## Task data:
----
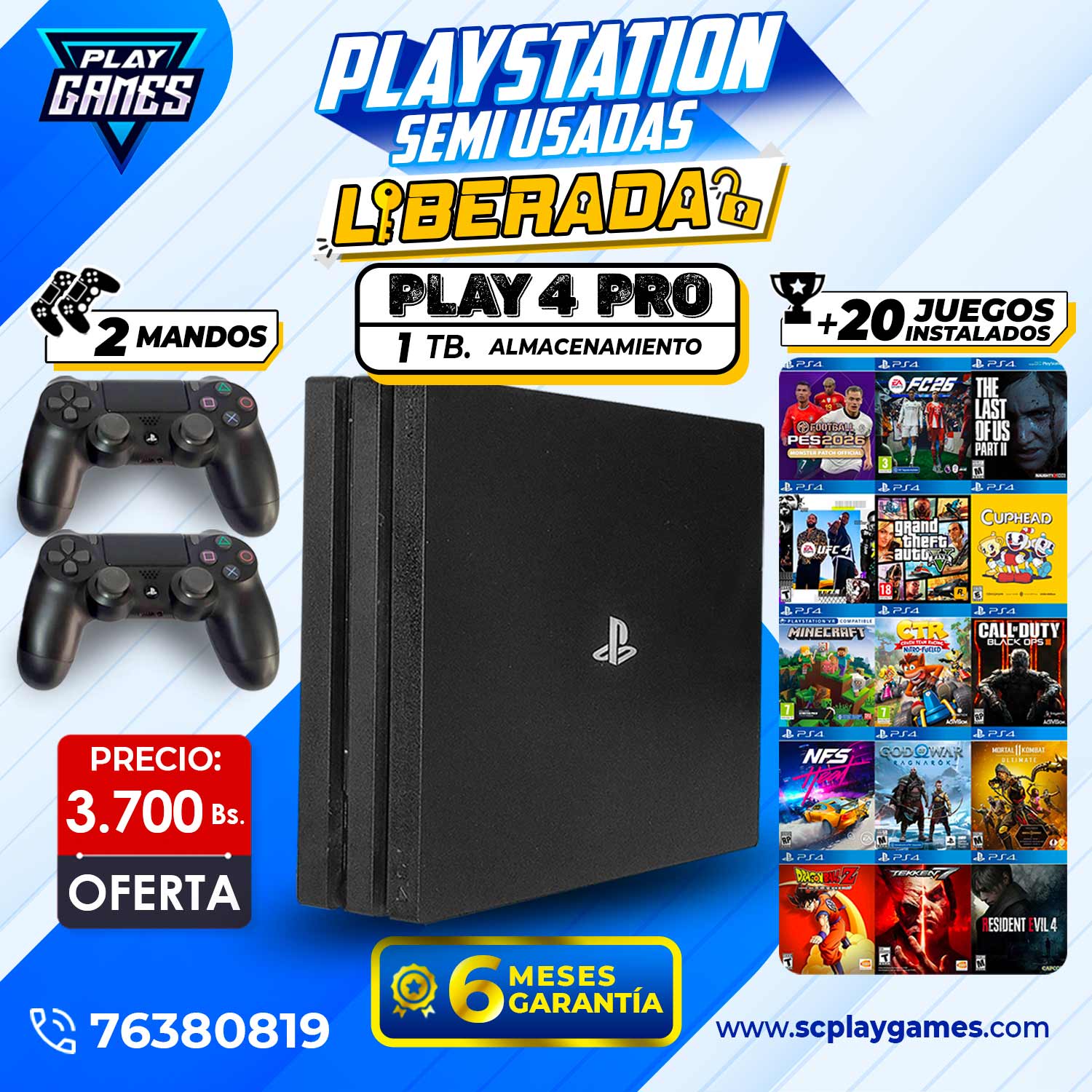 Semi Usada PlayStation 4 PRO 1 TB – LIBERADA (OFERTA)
----
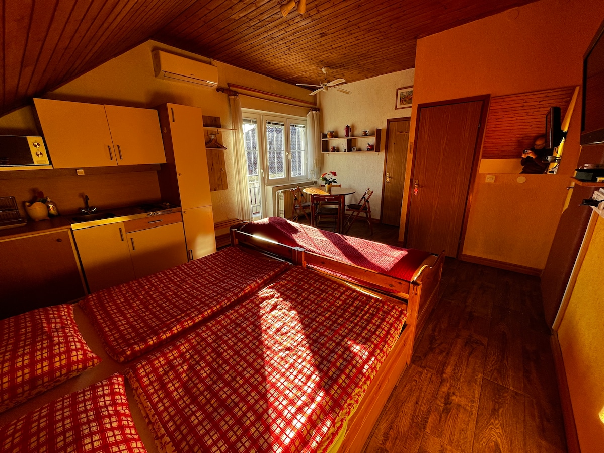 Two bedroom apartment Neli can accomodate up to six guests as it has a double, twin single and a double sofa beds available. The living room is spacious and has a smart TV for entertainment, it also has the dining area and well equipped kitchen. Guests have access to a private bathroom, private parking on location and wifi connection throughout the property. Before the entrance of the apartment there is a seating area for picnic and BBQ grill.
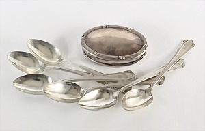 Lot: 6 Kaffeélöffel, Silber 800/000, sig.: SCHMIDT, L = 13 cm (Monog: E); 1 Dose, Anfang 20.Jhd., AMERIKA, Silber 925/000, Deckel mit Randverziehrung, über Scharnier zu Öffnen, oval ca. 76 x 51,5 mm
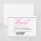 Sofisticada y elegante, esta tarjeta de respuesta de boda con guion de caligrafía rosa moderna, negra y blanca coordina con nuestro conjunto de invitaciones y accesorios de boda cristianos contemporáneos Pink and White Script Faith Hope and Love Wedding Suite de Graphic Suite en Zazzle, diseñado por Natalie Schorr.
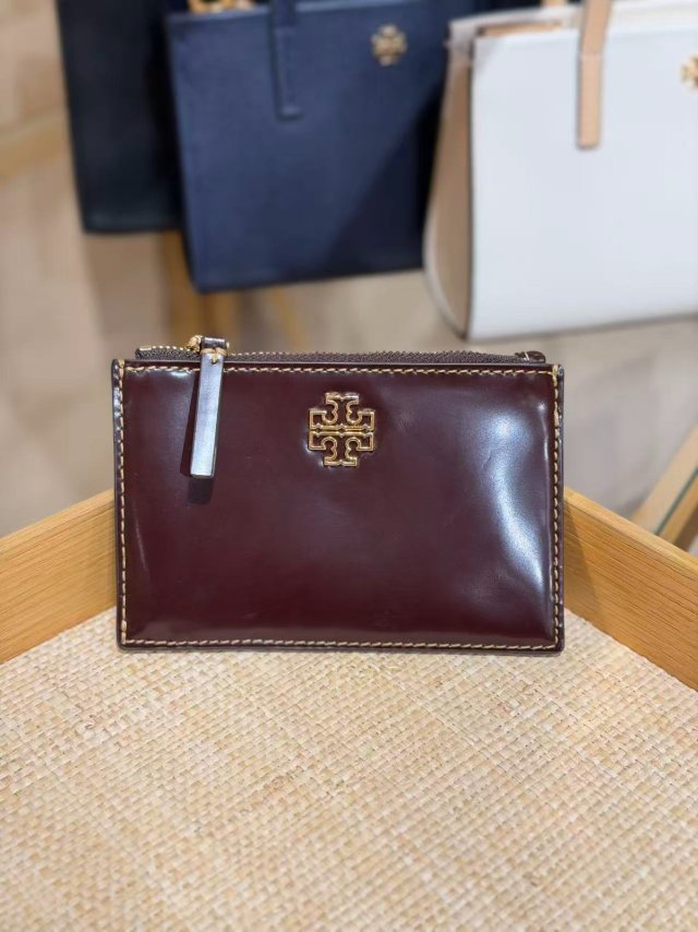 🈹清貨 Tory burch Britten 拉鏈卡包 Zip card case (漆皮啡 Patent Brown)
----
Each line from the one that contains "Lot: 6 Kaffeélöffel, Silber" down to the one that contains "(漆皮啡 Patent Brown)" is to be returned exactly as it stands above, both ends included, with pictures removed.

 Lot: 6 Kaffeélöffel, Silber 800/000, sig.: SCHMIDT, L = 13 cm (Monog: E); 1 Dose, Anfang 20.Jhd., AMERIKA, Silber 925/000, Deckel mit Randverziehrung, über Scharnier zu Öffnen, oval ca. 76 x 51,5 mm
 Sofisticada y elegante, esta tarjeta de respuesta de boda con guion de caligrafía rosa moderna, negra y blanca coordina con nuestro conjunto de invitaciones y accesorios de boda cristianos contemporáneos Pink and White Script Faith Hope and Love Wedding Suite de Graphic Suite en Zazzle, diseñado por Natalie Schorr.
 🈹清貨 Tory burch Britten 拉鏈卡包 Zip card case (漆皮啡 Patent Brown)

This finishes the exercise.